February 11, 2019

Are we fighting postmodernists with one hand tied behind our backs?

Intellectual battles are the cognitive lifeblood of a healthy society. Life is complicated and the  stakes are high, so thoughtful and passionate people have lots of arguments. Only by argument can we sort out complicated matters. Only by putting our ideas to the evidence test and being willing to change our minds can we make progress.

Intellectual fighting is better than settling our differences by physical fighting. The advantage of being an intelligent species, noted Austrian philosopher Karl Popper, is that we let our theories die in our place. But productive argument needs principles of civility to guide it. And we need our leading institutions––especially universities dedicated to truth-seeking––to make those principles explicit and instil them in the next generation.

Postmodernists don’t fight by the same rules we do. When everything is subjective narratives, subversion goes all the way down. Our classic rules are: Approach discussion with benevolence and give the initial benefit of the doubt. The goal is the mutual advancement of understanding. Hear out both sides. Be civil in giving and receiving criticism. Don’t make stuff up. Believe that truth matters.
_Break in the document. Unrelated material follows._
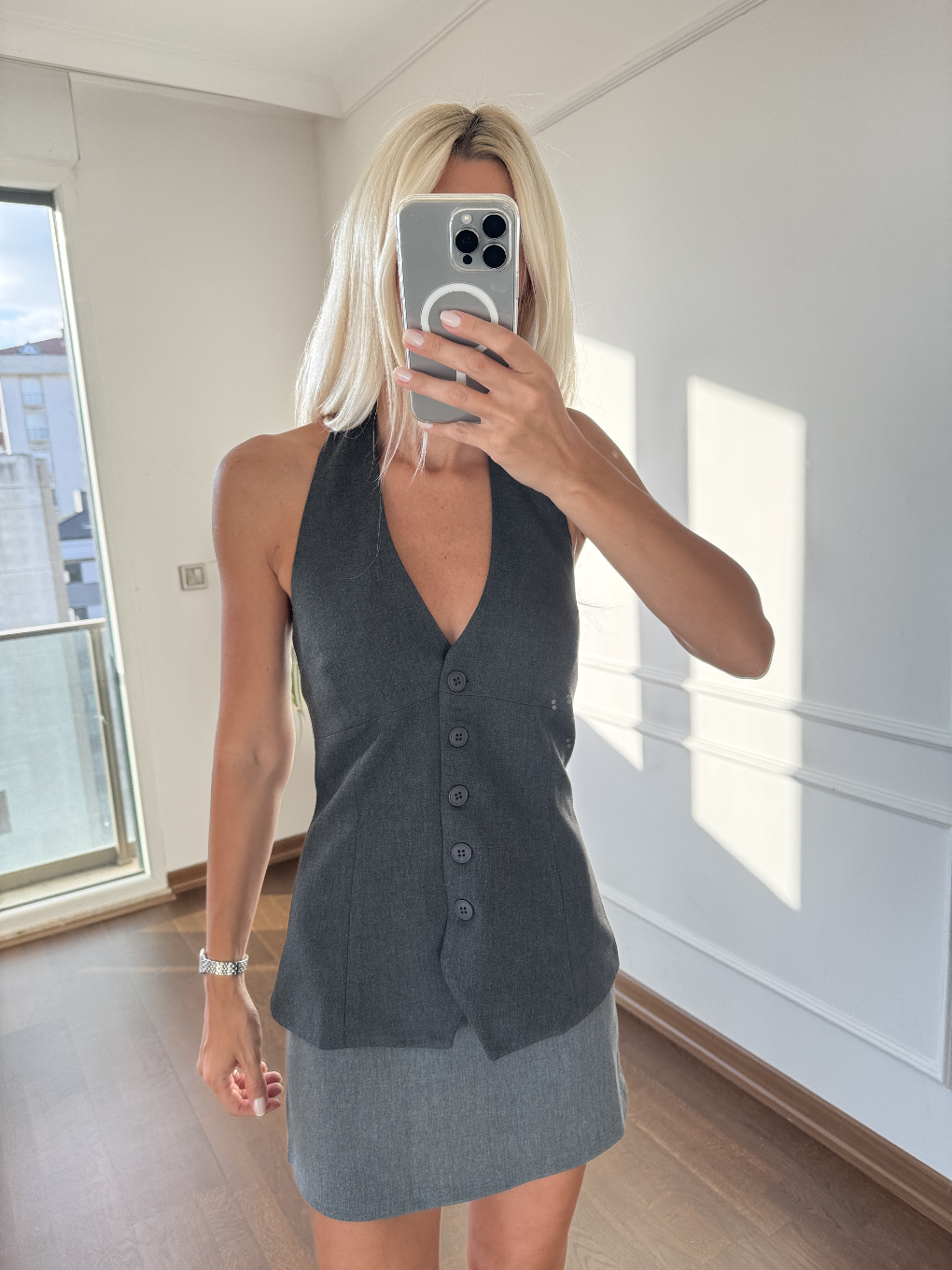 Boyundan Geçmeli Düğmeli Yelek

But postmoderns cast a jaded eye upon “truth” and see words as weapons in a battle between adversarial groups. In that battle, only power matters and “truth” is merely the most ruthless survivor.  American postmodernist Richard Rorty put it this way: “Truth is what your contemporaries let you get away with saying.” Rorty’s fellow-travelers, Michel Foucault, Jacques Derrida and others work the same deconstructive territory.

Our code of ethics also includes moral rules: Be respectful of legitimate differences. Tolerate an expansive range of beliefs and practices, unless physical force is initiated. Don’t name-call or hurl insults easily. Be respectful of others’ accomplishments and proud of one’s own. Admit mistakes; strive to correct them.
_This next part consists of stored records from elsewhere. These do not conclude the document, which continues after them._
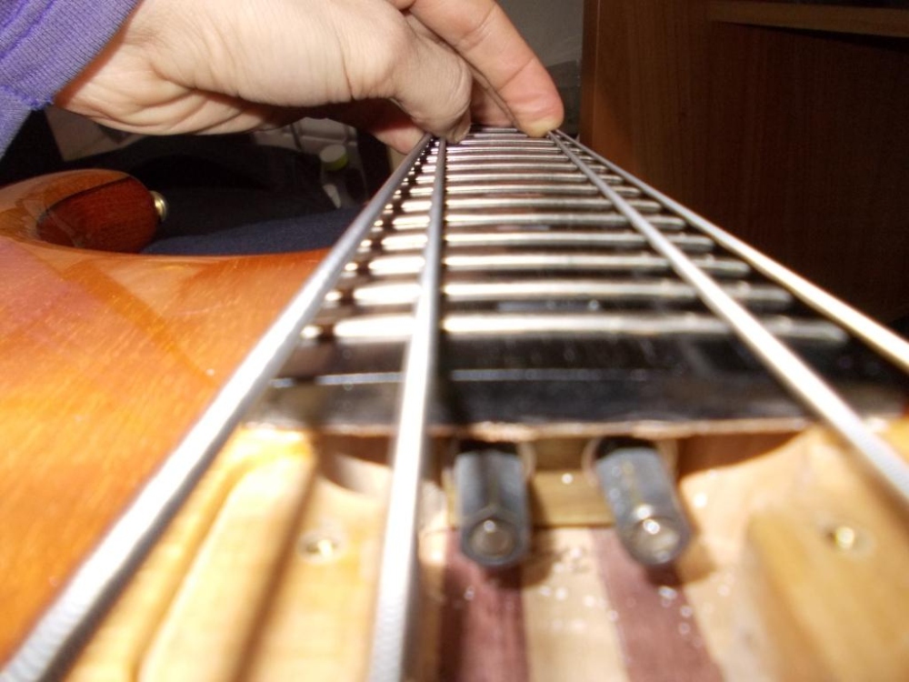 And, if the truss rod is real tight, it will bow the neck back pretty badly. This is not good. Both of my Alembics barely have any force on the nuts on the truss rod. In fact, my fretless just barely has the nuts on.
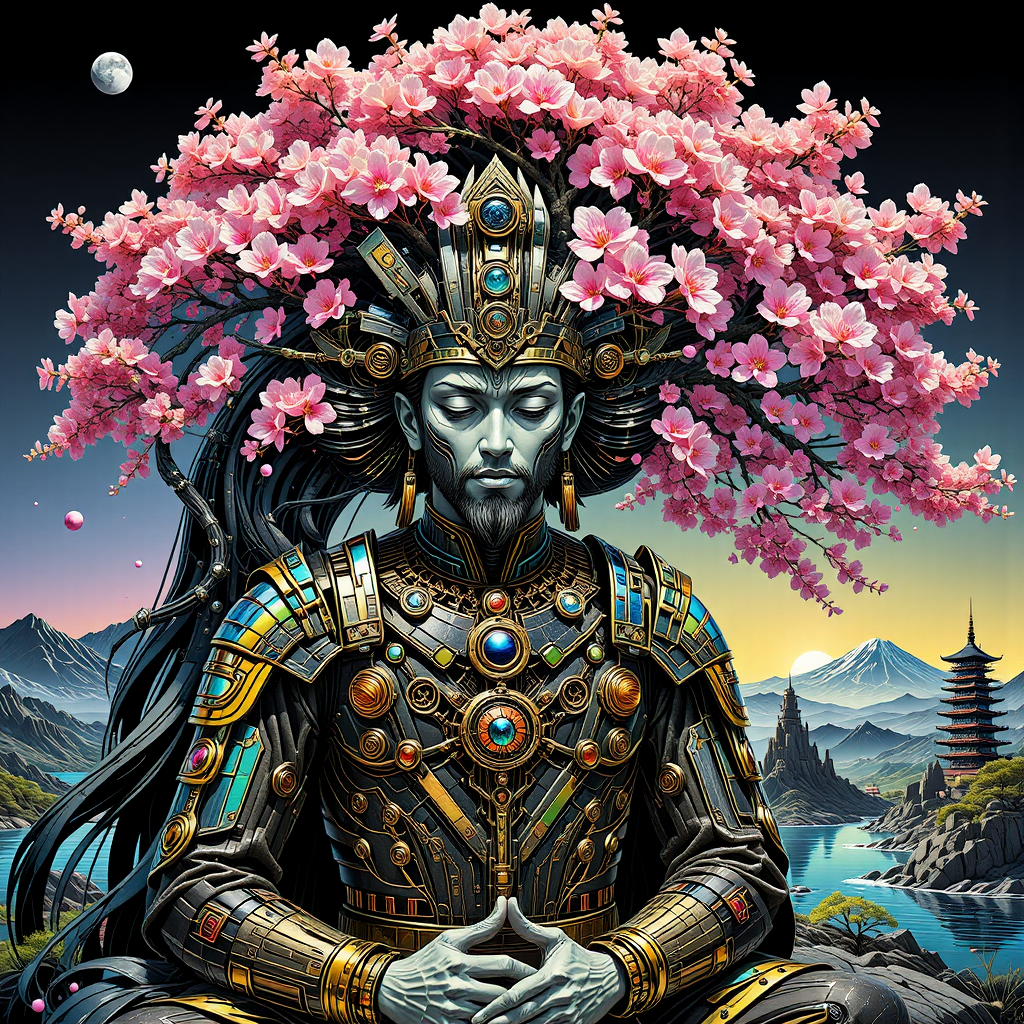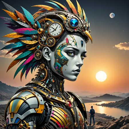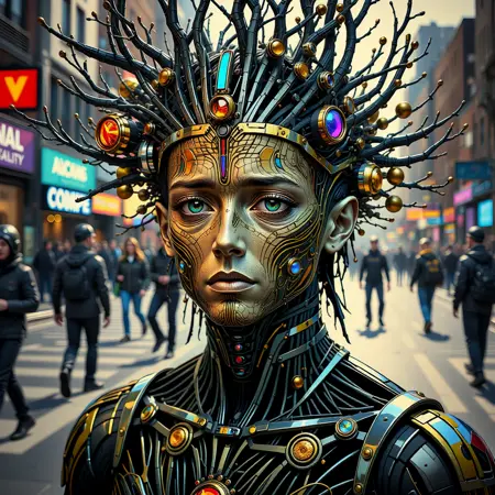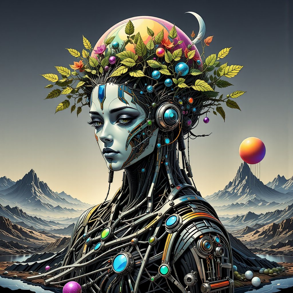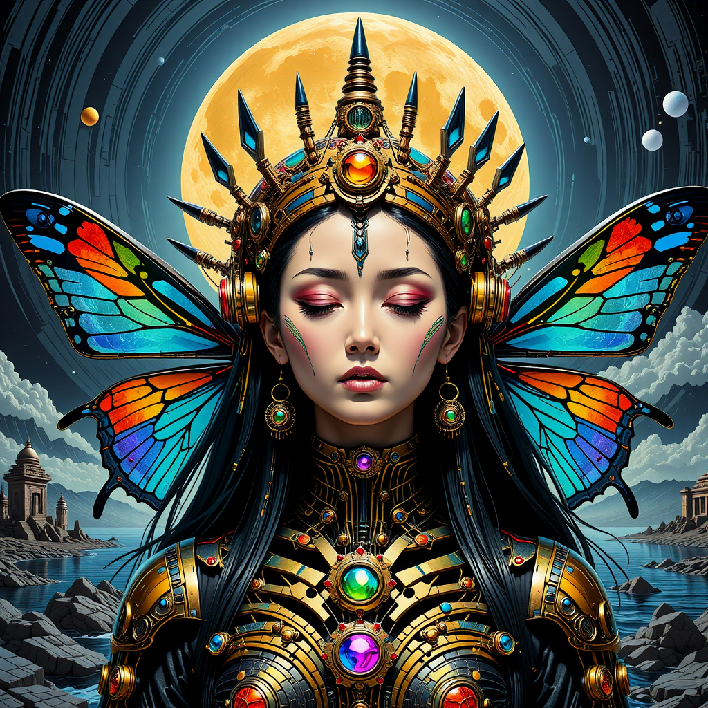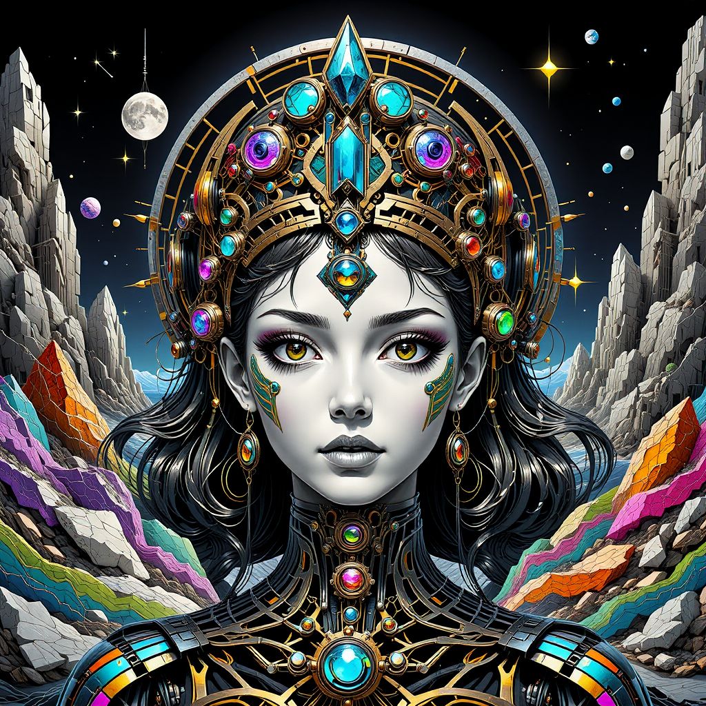 虹色の肌を持つ宇宙人があらゆる Nebula を超える結晶的な宇宙船を操縦し、randomReality アートスタイル、複雑なラインワーク、幾何学模様、金属質のテクスチャ、大胆なコントラストを特徴とするサイバーパンクデジタルアート、サイケデリックで未来志向の美学、反射 surface と流れるデザインをトライバル・メカニカルな融合と組み合わせた作品
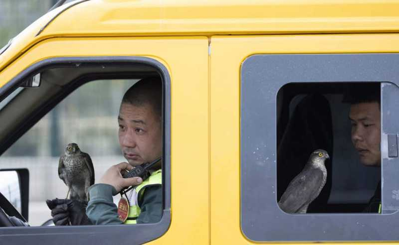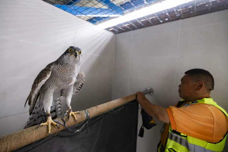 통제 가능한 범위 내에서 '줄밥부르기'를 이용해 참매로 새를 쫓는 직원

On that latter point about responsibility: cultural improvement is a trial-and-error process, and while we have made great progress against poverty, slavery, racism, sexism, and incivilities, our historical record is imperfect. Hence the appropriateness of our intense debates, for example, over affirmative action. Can we make up for past sins? If so, how can we apportion blame and desert fairly? Hard questions, but morally responsible people take their history seriously.

Here again Rorty represents the postmoderns. Asked directly about the Left’s many historical sins and outright brutalities––and it’s striking that most postmoderns are Left, usually the far Left–– Rorty replied: “I think that a good Left is a party that always thinks about the future and doesn’t care much about our past sins.” (How unsurprising that young Leftists are blasé about the Soviet Union, China, Cambodia, Cuba, Venezuela, etc.)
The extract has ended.